Binding of bi- and trispecific antibodies to CD3
Next, antibody binding to CD3 was analyzed by flow cytometry using CD3-expressing Jurkat cells. For all antibodies a concentration-dependent binding was observed (Figure 3A). The trispecific eFab-eIg HER2xHER3xCD3 bound to the cells with an EC50 value of 45.8 nM, while the control antibodies bound with an EC50 value of 7.0 nM for eIg HER2xCD3 and 4.4 nM for eIg HER3xCD3 (Table 2). The reduced binding of eFab-eIg HER2xHER3xCD3, which reached significance (p<0.004 for eIg HER2xCD3 and p<0.003 for eIg HER3xCD3) is most likely due to the N-terminal fusion of the eFab moieties, sterically interfering with the binding to CD3. We additionally analyzed the sequential binding of HER2-moFc or HER3-moFc to the trispecific eFab-eIg bound to Jurkat cells (Figure 3B). After incubation of Jurkat cells with 400 nM of eFab-eIg HER2xHER3xCD3, soluble HER2-moFc or HER3-moFc was added and bound antigens were detected with a FITC-labeled anti-murine Fc antibody. Both antigens, HER2 and HER3, were bound to the cells incubated with eFab-eIg HER2xHER3xCD3, demonstrating the sequential binding of CD3-expressing cells with HER2 or HER3 as antigen.
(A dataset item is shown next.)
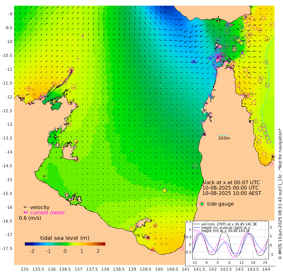 20cm/s 66T +3cm/s rms + 7cm/s -42T. ARA-GOC87 57m 20cm/s -34T +3cm/s rms + 2cm/s -2T. ARA-GOC87 60m 29cm/s 57T +2cm/s rms + 3cm/s 61T. ARA-GOC87 47m 67cm Daru 72cm Bobo Island 56cm Meer Island Barge 79cm Bramble Cay 81cm Unnamed Cay 78cm Pearce Cay 77cm Stephens Island 90cm Merrie England Shoals 73cm Mutacomal Reef 70cm Darnley Island Barge 64cm East Cay 64cm Yorke Island Barge 66cm Rennel Island 60cm Aureed Island 49cm Dungeness Reef 2cm Zagai Island -2cm Yam Island -59cm Dauan Island -63cm Saibai Island -13cm Phipi Reef -3cm Warrior Reef - West -69cm Mabuiag Island Barge 65cm Half Way Island 46cm Coconut Island 54cm Dugong Islet 23cm Poll Island 29cm Kirkcaldie Reef -8cm Suarji Island 15cm Sue Islet -111cm Hawkesbury Island -20cm Alert Patches -17cm Twin Island -103cm Badu Island -29cm St Pauls (Moa Island) -87cm Kubin (Moa Island) -51cm Ince Point -68cm Thursday Island -64cm Nardana Patches -81cm Turtle Head -85cm Round Island -112cm Goods Island -144cm Booby Island -125cm White Rocks Area -168cm Carpentaria -26cm Papou Point -139cm Bampfield Head -120cm Crab Island -140cm Red Wallis Island -100cm Packe Island 58cm Harrington Reef -121cm Herald Camp -8cm Sharp Point -66cm Red Island Point -36cm Possession Island -10cm Alpha Rock 14cm Frederick Point 60cm Wyborn Reef Light 48cm Tetley Island 37cm Triangle Reef 67cm Turtle Head Island 44cm Maclennan Cay 40cm Raine Island 68cm Mcsweeny Reef 70cm Collette Reef 52cm Shadwell Reef 83cm Hannibal Island 81cm Round Point -125cm Vrilya Point 68cm Cape Grenville 64cm Hicks Island 46cm Sir Charles Hardy Island 21cm Harvey Island 64cm Kay Reef 51cm Rocky Island 44cm Chapman Island 36cm Ham Reef 44cm Jubilee Reef 44cm Night Island 37cm Unnamed Reef No. 3 54cm Morris Island 41cm 1st 3 Mile Opening 45cm Creech Reef 53cm Fife Island 63cm Eden Reef 57cm Stanley Island 70cm Normanby River 103cm Yabooma Island 122cm Hutchison River 101cm Elcho Island 99cm North West Crocodile Island 56cm Cape Wessel 106cm Stevens Island 70cm Guluwuru Island 98cm Hopeful Bay 79cm Auster Point 75cm Two Island Bay 117cm Cadell Strait 87cm Mallison Island 73cm Melville Bay (Gove Harbour) 67cm Truant Island 47cm Cape Arnhem 56cm Cape Grey 62cm Hawk Island 61cm Milner Bay (Groote Eylandt) 57cm Cape Beatrice 47cm West Island 48cm Centre Island 94cm Mornington Island 90cm West Wellesley Islands 126cm Bountiful Island 159cm Albert River Mouth 190cm Sweers Island 158cm Karumba 60cm Nassau River Offshore 11cm Christmas Creek -35cm Archer River -72cm Boyd Point -68cm Weipa (Humbug Point) -68cm Pennefather River -117cm Cullen Point

Figure 3. Binding to CD3-expressing Jurkat cells. (A) Flow cytometry analysis of binding of eFab-eIg HER2xHER3xCD3 as well as eIg HER2xCD3 and HER3xCD3 to CD3-expressing Jurkat cells. (B) Flow cytometry analysis of binding of 400 nM of eFab-eIg HER2xHER3xCD3 to Jurkat cells followed by incubation with either HER2-moFc or HER3-moFc (300 nM), respectively, to analyze sequential binding to CD3-expressing cells and either HER2 or HER3. Mean ± SD, n=3.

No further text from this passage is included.